Key Insight: Rather than redesigning the entire pipeline, this work designs two bridge modules to resolve the core issues during stage transitions.

Core Idea: Use Active View Optimization to obtain projection maps with maximum information gain as generation conditions, and use a Scene Graph Synthesizer to guide hierarchical physical assembly.

Method

Overall Architecture

SimRecon addresses the task of automatically producing "sim-ready" compositional scenes from a real-world video—requiring each object to have complete geometry/clean textures and correct physical relationships (e.g., stacking or attachment) for immediate interaction in a simulator. The pipeline integrates three stages: Perception reconstructs a semantic Gaussian field using 2DGS and semantic segmentation to extract object poses, scales, and labels; Generation uses AVO to find the most informative view for each extracted object and feeds it into the Rodin model to complete geometry and texture; Simulation uses SGS to infer physical relationship graphs and hierarchically assembles objects in Blender/Isaac Sim. A unified object-centric representation serves as the bridge between stages, with attributes filled progressively.

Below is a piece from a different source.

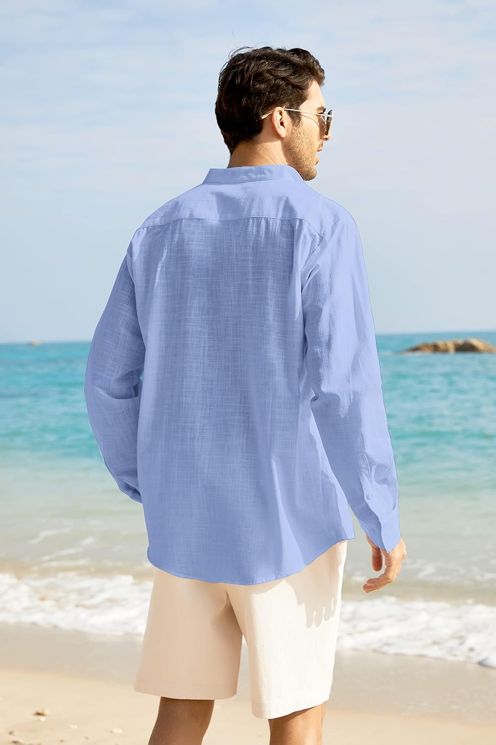 - DESIGN – Das kragenlose Design macht dieses Herren-Langarmshirt sehr sommerlich, cool und lässig. Herrenhemden verfügen ausserdem über verstellbare Manschetten, sodass Sie zwischen langen Ärmeln und halben Ärmeln wählen können. Der geschwungene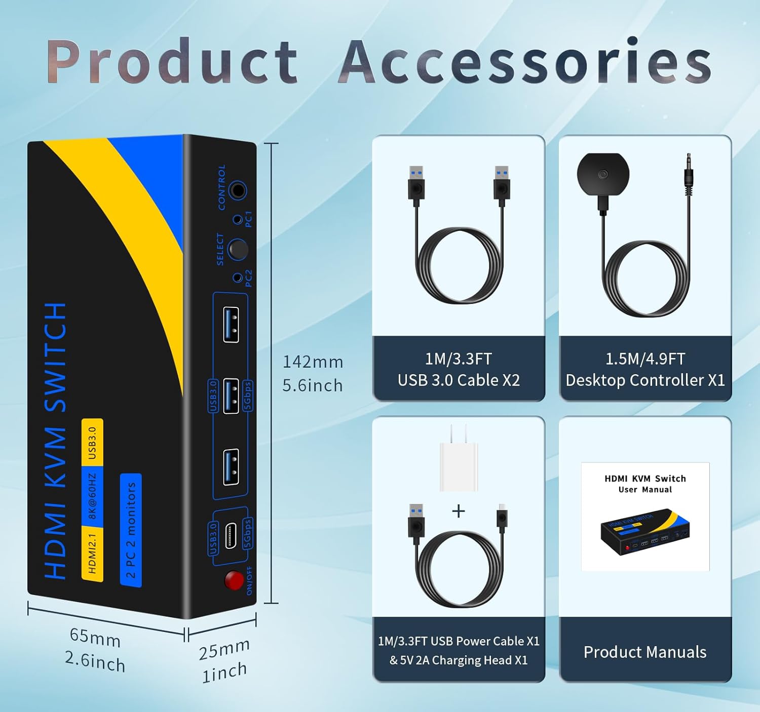 Dual Monitor Kvm Switch 2 Monitors 2 Computers HDMI 4k@60HZ,USB3.0. kvm switches 1 Monitors 2 Monitor 2 Computers,USB switcher 2 Computers Keyboard Mouse Switch (USB3.0+8KHDMI(3A1C))

The central insight is to introduce two bridge modules at the "fracture points": AVO ensures visual fidelity (preventing deformation due to poor view selection) at the perception-to-generation transition, while SGS ensures physical plausibility (handling assembly logic) at the generation-to-simulation transition.

%%{init: {'flowchart': {'rankSpacing': 24, 'nodeSpacing': 28, 'padding': 6, 'wrappingWidth': 400}}}%%
flowchart TD
    A["Real Video"] --> B["Perception Stage (Scaffolded)<br/>2DGS + Semantic Reconstruction"]
    B --> C["Object-centric Scene Representation<br/>Shared Primitives"]
    C --> D["Active View Optimization (AVO)<br/>Information Gain Maximization"]
    D --> E["Rodin Generation (Scaffolded)<br/>Geometry & Texture Completion"]
    E --> F["Scene Graph Synthesizer (SGS)<br/>Regionalized Inference + Conflict Resolution"]
    F --> G["Hierarchical Physical Assembly<br/>BFS Stacking & Constraints"]
    G --> H["Sim-Ready Compositional Scene"]

Key Designs

1. Object-centric Scene Representation: A Shared Data Interface

To prevent fragmented information transfer, SimRecon unifies the scene as a set of discrete object primitives \(\mathcal{S}_\text{comp} = \{o_1, o_2, ..., o_L\}\). Each \(o_i\) includes intrinsic attributes—spatial pose \(T_i \in SE(3)\), appearance \(\mathcal{M}_i, \mathcal{T}_i\), and physical properties \(l_i, \text{mat}_i, m_i\) (label, material, mass)—and relational attributes (support/attachment edges in the scene graph). These are filled progressively: Perception provides poses and labels, Generation provides geometry and textures, and Simulation identifies relations and physical quantities.

2. Active View Optimization (AVO): Principled View Selection via Information Gain

Single-object generation models require a projection map. Poor view selection—such as facing an occluded side—causes deformation. Unlike heuristics (fixed sampling or pixel coverage), AVO formalizes view selection as an information theory problem: \(IG(v) = H(X|v_0) - H(X|v)\), measuring how much uncertainty about the object a new view \(v\) eliminates relative to prior observations \(v_0\). Since \(IG\) is non-differentiable, AVO uses the accumulated opacity rendered by 3DGS as a differentiable proxy—the more "solid" Gaussians seen, the higher the information gain:

\[\max_v IG(v) = \max_v A(v) = \max_v \sum_{p \in \mathcal{P}_\text{obj}(v)} \alpha(p,v)\]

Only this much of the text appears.